É precisamente esta variabilidade que torna o conceito de Peakspan relevante — porque mostra que existe margem para intervir e prolongar a fase de maior capacidade funcional.
prolongar o Peakspan
O Peakspan acrescenta uma nova camada à forma como entendemos saúde e envelhecimento:
- Longevidade → quanto tempo vivemos.
- Healthspan → quanto tempo vivemos com saúde.
- Peakspan → quanto tempo vivemos no nosso melhor.
Este enquadramento permite uma abordagem mais funcional e proativa: focada na capacidade, não apenas na ausência de doença.
A evidência científica mostra que muitos dos sistemas representados no gráfico são altamente adaptáveis ao longo da vida, sobretudo quando existe estímulo adequado.
Principais fatores que influenciam o Peakspan
1. Movimento (especialmente treino de força)
- Preserva e aumenta massa muscular;
- Melhora a sensibilidade à insulina;
- Sustenta capacidade funcional.
2. Capacidade cardiorrespiratória
- Determinante para energia e resistência;
- Associada a menor risco cardiometabólico.
3. Nutrição
- Fornece os substratos necessários à função celular e adaptação;
- Suporta a manutenção de massa muscular e função metabólica;
- Influencia inflamação, sensibilidade à insulina e recuperação;
A nutrição funciona como base para todos os sistemas.
4. Sono e recuperação
- Essenciais para adaptação fisiológica;
- Regulam sistema nervoso e hormonal;
- Impactam diretamente função cognitiva.
5. Função cognitiva e estímulo mental
- A capacidade cognitiva não é fixa — é treinável;
- Estímulos como aprendizagem, resolução de problemas e novidade ajudam a manter desempenho.
Manter o cérebro ativo ajuda a prolongar o desempenho global.
6. Regulação hormonal
O sistema endócrino tem um papel central na manutenção da capacidade:
- Regula energia, recuperação e adaptação;
- Influencia composição corporal e função metabólica.
Fatores como sono, stress, nutrição e exercício têm impacto direto neste eixo.
A disfunção hormonal não é apenas uma consequência da idade — é frequentemente influenciada pelo estilo de vida.
7. Gestão do stress
- O stress crónico altera o equilíbrio hormonal;
- Aumenta inflamação;
- Compromete recuperação e função cognitiva.
8. Consistência ao longo do tempo
- Mais importante do que intervenções pontuais;
- Determina a trajetória funcional.
Um novo enquadramento da saúde
O Peakspan não é um ponto fixo — é uma trajetória.
É o resultado acumulado das escolhas ao longo do tempo: como se move, como recupera, como se adapta…
Mais do que evitar o declínio, trata-se de influenciar a forma como ele acontece.
Assim, o valor deste conceito está na mudança de perspetiva que propõe.
Durante muito tempo, a saúde foi entendida de forma binária: presença ou ausência de doença.
O healthspan trouxe nuance: viver mais anos com qualidade.
O Peak Span acrescenta uma camada adicional: manter capacidade elevada durante o máximo de tempo possível.
Isto implica olhar para o corpo não apenas como algo a preservar, mas como um sistema que pode ser treinado, regulado e adaptado.
| Este artigo não constitui aconselhamento médico, diagnóstico ou tratamento.
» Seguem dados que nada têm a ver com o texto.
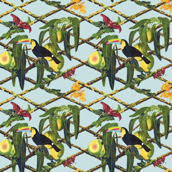 Un'aria tropicale soffia attraverso il tessuto Tucan di Gaston y Daniela. Su un traliccio ricoperto di piante esotiche, tra il fogliame e i frutti si nascondono tucani colorati. Realizzato in una robusta miscela di viscosa e lino, questo tessuto è perfettamente adatto alla realizzazione di sedili e tende.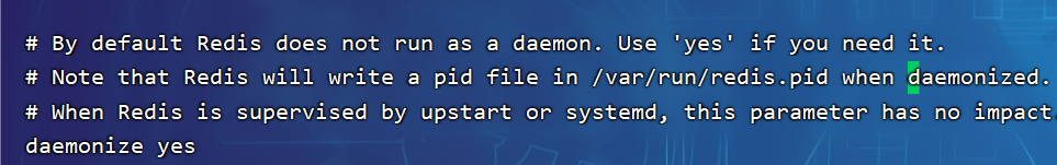 4.找到守护进程,修改为yes后即可后台运行: 先退出编辑,然后输入/daemonize即可快速找到对应daemonize(没有找到就按n切换到下一个daemonize)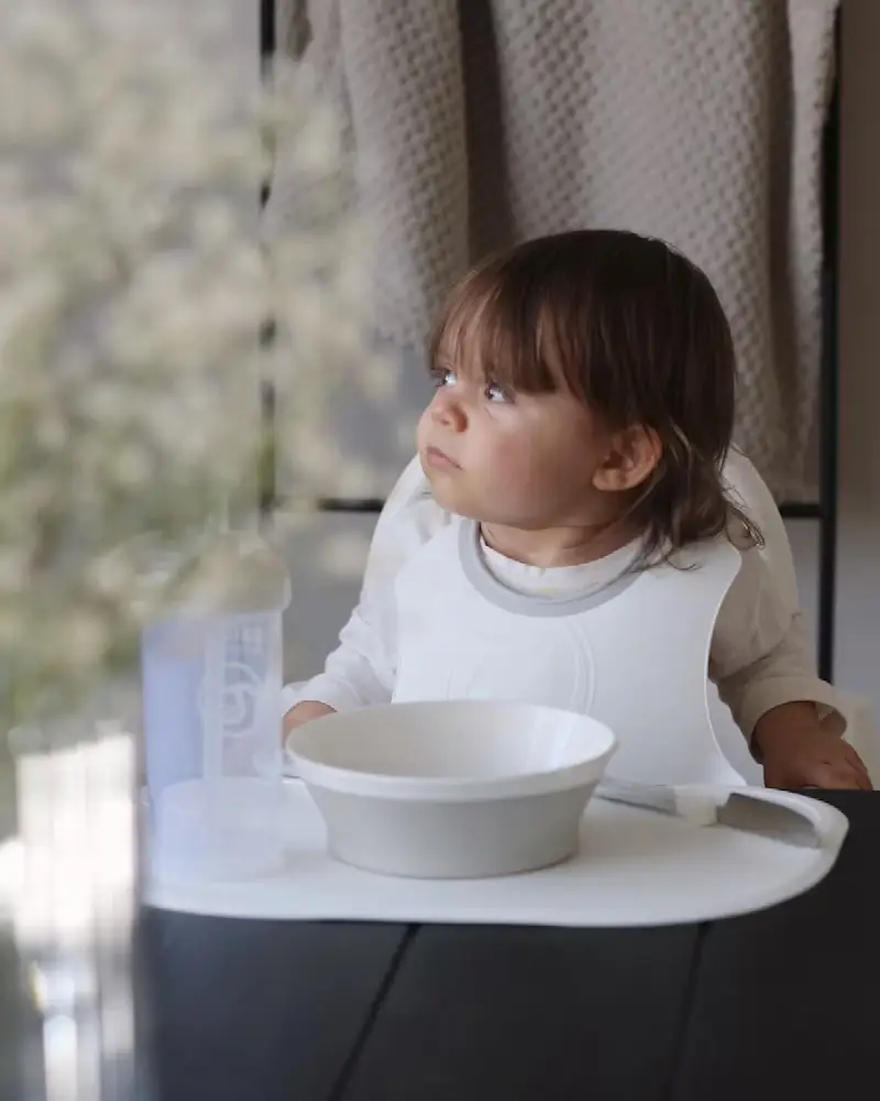 Lielā, dziļā kabata efektīvi notver izbirušos ēdienus, samazinot netīrību uz apģērba un grīdas. Regulējamā aizdare kakla daļā ļauj priekšautiņam pielāgoties augošam bērnam, nodrošinot komfortu jau no 4 mēnešu vecuma. Tā īpašā forma nodrošina, ka priekšautiņš neiesprūst zem galda malas, kas padara to ideāli piemērotu augstiem barošanas krēsliem.
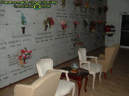 In 1989 the cemetery expanded to another 13 acres due to the growth of Disney. Eventually two funeral homes were built and by the year 2000 another 10 acres were added but are not developed as of yet. After this a cremation garden was built. The cemetery is full of gardens and a mausoleum prayer building which you will see in the photos below. Its so well taken care of that you almost do not even feel an ounce of ghostly activity. Although the Mausoleum is so huge and full of permanent guest that the main focal point within the cemetery is this area from our data collected on our excursion here. You will not find any fancy angel statues or anything of the sort 90 percent of the cemetery is flat stone burials. There is the Great Tomb Mausoleum, A Chapel on site, funeral home on site, courtyard, and babyland. Its a nice peaceful place not the most haunted by sometimes as a ghostbuster you need serenity. © By LordOfThyNight-Rick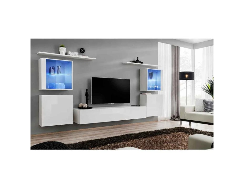 Meuble TV Mural Design « Switch XIV » 320cm Blanc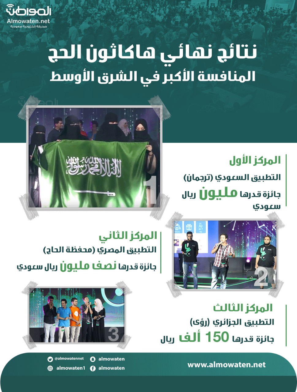 سلطت صحيفة “المواطن” بالإنفوجرافيك الضوء على نتائج نهائي هاكاثون الحج المنافسة الأكبر في الشرق الأوسط.
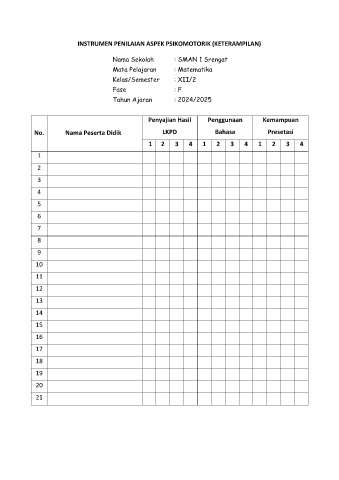 INSTRUMEN PENILAIAN ASPEK PSIKOMOTORIK (KETERAMPILAN)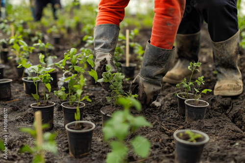 Person planting trees or working in community garden promoting local food production and habitat restoration, concept of Sustainability and Community Engagement
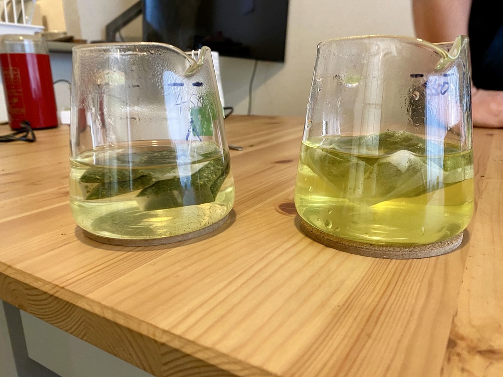 今回の簡易製茶によるシネコ茶は、色が鮮やかで味が軽くクリアですが、若干青臭さが際立つ印象です。後味はクリアです。一方の伊藤園は、甘みがあり若干ねっとりと口に残る感じがあります。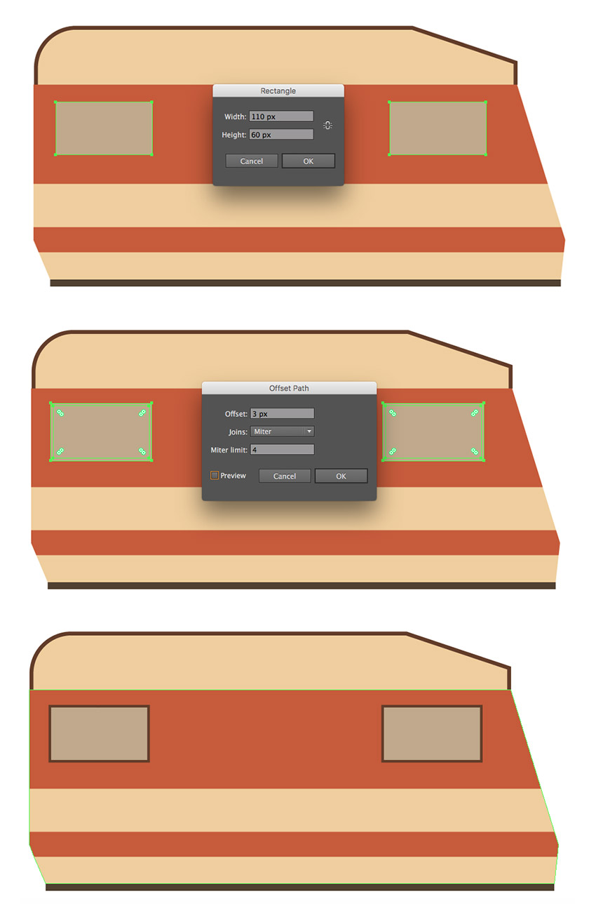 步骤3、绘制两个 110 x 60 像素的矩形 (#bfa989)作为窗户, 将它们放置在较大红色条纹的左右部分附近。选择窗口并转到对象 >> 路径 > 偏移路径。输入3像素的偏移量, 并将轮廓的填充颜色设置为 #613d26。

As informações aqui apresentadas não substituem a consulta com um profissional de saúde qualificado.
Referências:
- Zhavoronkov, Ying & Wilczok, Peakspan: Defining, Quantifying and Extending the Boundaries of Peak Productive Lifespan, Aging and Disease (2026)
- Seals, D. R., Justice, J. N., & LaRocca, T. J. (2016). Physiological geroscience: targeting function to increase healthspan. The Journal of Physiology.
- Pedersen, B. K., & Febbraio, M. A. (2012). Muscles as an endocrine organ. Nature Reviews Endocrinology.
- Booth, F. W., Roberts, C. K., & Laye, M. J. (2012). Lack of exercise is a major cause of chronic diseases. Comprehensive Physiology.
- McPhee, J. S., et al. (2016). Physical activity in older age: perspectives for healthy ageing. Biogerontology.